There was a wonderful peace in the air, for it was Sunday evening, and work had ceased. The peasants were out and about, the women sitting, the men smoking and leaning against doors or walls, and the children playing before being put into their primitive beds. The chimes from neighbouring churches mingled with the pleasant tinkle of the bells worn by the two small horses which were drawing the conveyance.

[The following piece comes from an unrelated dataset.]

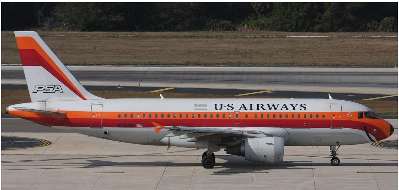
U-S Airways Airbus A319 in the former colors of PSA.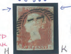
PLATE 84 RE-ENTRY

Darkness was falling quickly, and the stars were shining beyond the hills and overhead. Peasants were coming towards us, young men and young women, laughing and chatting gaily, and some of them singing sweet Gallegan songs. In England, even in the villages, people of the same ages and condition would have been bellowing banalities from music-halls. The twilight was short and the road and country were soon in almost perfect darkness, for there were no lights or lamps of any sort. I reached Caldas station in company with a little diligence which dashed up in the gloom, indicated by the voices of the driver and passengers and the thudding of the ponies' hoofs and tinkle of their bells, as well as by a tiny lamp in the interior of the vehicle. There was practically no illumination in the station, on the walls of which a melancholy oil-lamp was suspended, serving just to outline the figures of the waiting passengers. Nothing came out of the vast surrounding darkness except the occasional sounds of the peasants' songs, and there was something so amazingly primitive and peaceful in the evening and the place that it gave one almost a shock to have a second oil-lamp turned up on the platform and to hear the approaching train and see the head-lights of the locomotive; yet after a few miles had been covered I looked from the carriage windows upon the bright electric lights of Redondela station, and had time to take some wine and food before re-entering a train and journeying back to Vigo.

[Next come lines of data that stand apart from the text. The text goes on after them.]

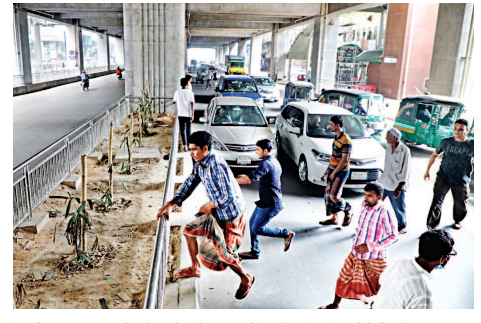
Pedestrians rush towards the median amid speeding vehicles on the capital's Kazi Nazrul Islam Avenue, risking lives. The photo was taken around 4:00pm yesterday, beneath the MRT station in Karwan Bazar which has a footbridge for crossing over.

"BNP leaders should unconditional apology before the nation their undemocratic SEE PAGE 4 COL 5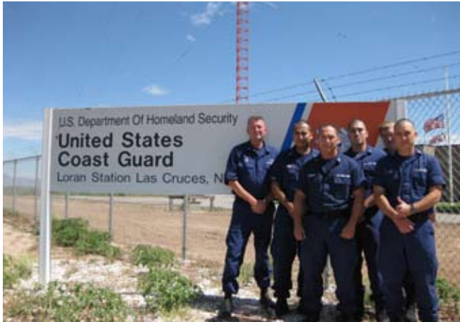
The station crew at the transmitter site at Las Cruces, New Mexico in 2008. Las Cruces was one of the 19 stations decommissioned on February 8, 2010.

In the end, however, none of these arguments were enough to save LORAN. Several inescapable facts remained: GPS worked better and LORAN equipment had been largely discontinued due to the popularity of GPS, thus very few LORAN users remained. The new eLORAN system would have certainly narrowed the gap between GPS and LORAN performance, but it faced a classic “chicken and egg” type of problem. Receiver manufacturers were understandably reluctant to build new equipment without any long-term commitment to eLORAN from the federal government. And without new receivers, it was nearly impossible to demonstrate the performance or utility of eLORAN.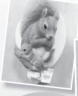
Night Lights by Ibis & Orchid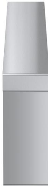
589150 (MCNABAAOOO) Closed Work Top, one-side operated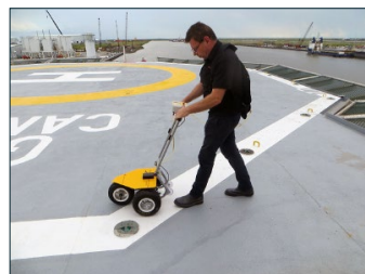
Helideck Surface Friction Testing

It is your duty, if only for the sake of experience, to enter one of the wayside inns of Galicia, the fondas and posadas at which your motor-car, motor-bus, diligence, or carriage draws up in travelling. It may be a place which is comparatively imposing, with bottles of spirits and wines ranged temptingly on shelves, and a right-angled counter containing sundry articles of refreshment, with a dining-room adjoining the bar, and all clean and attractive in appearance; it may be an appalling establishment from which you are fain to fly on swallowing your drink and in which you are grateful to your cigarette; or it may be a house which is neither good nor bad, but incorrigibly indifferent. Go into them all; there is something new and fresh in each.

The first fonda I entered was at Porriño, and that was on a Sunday. Next door was a barber's shop, open to the air, with a priest reading a newspaper while awaiting his turn for a shave. The sign of the trade was a brass dish dangling from a chain, in contradistinction to the impressive tonsorial pole of British facial artists, of whom it would be wrong in these levelling days to speak as barbers. Peasants were entering the fonda, and some, men and women, were seated at bare wooden tables, breakfasting on bread and wine. At the counter I bought for a penny an excellent aniseed liqueur, and for the equivalent of a shilling came away with a full large bottle of the spirit, which experience proved more than rivalled cocoa in its comforting and grateful qualities. Incidentally, on re-entering the motor-bus, I saw a large dead rat lying in the middle of the road. Three days later, on returning to Porriño and the fonda, I noticed that the carcase was still there—also a decayed and dejected diligence on the pavement, a vehicle which could, however, be galvanised into active service in case of need. Porriño, however, is not a typical Galician village, and is no more representative of the charms and beauties of the country than Wigan is of England.

A GALICIAN FISHING-BOAT

MEN AND WOMEN ROWING UP VIGO BAY

The visitor will often witness sights which, if not exactly pleasant, are full of interest, as showing something of the people's lives. I saw in corners of vineyards or gardens the carcases of kids suspended; and, driving down a village street, I observed the body of an immense pig which had been killed. The animal had been placed on the stones in front of the door of a cottage, and a man and his wife, helped by children, were heaping up branches and faggots. When I returned this material was burning, and on inquiry I was told that this was the Galician method of removing the bristles.

In Galicia you may travel in perfect comfort and security along many of the roads and into many of the towns which in Borrow's day, only seventy years ago, were infested with murderers and robbers, and the idea of danger and peril will never so much as enter your mind—a state of peacefulness which is largely due to those splendid fellows of the Civil Guard; yet wherever he went Borrow ran great risks to life and limb. Frequently he took advantage of a military escort, and at one time, travelling from Lugo to Corunna, he had the support of a band of picturesque ruffians who had all the appearance of banditti, and would have created a sensation in a Drury Lane drama.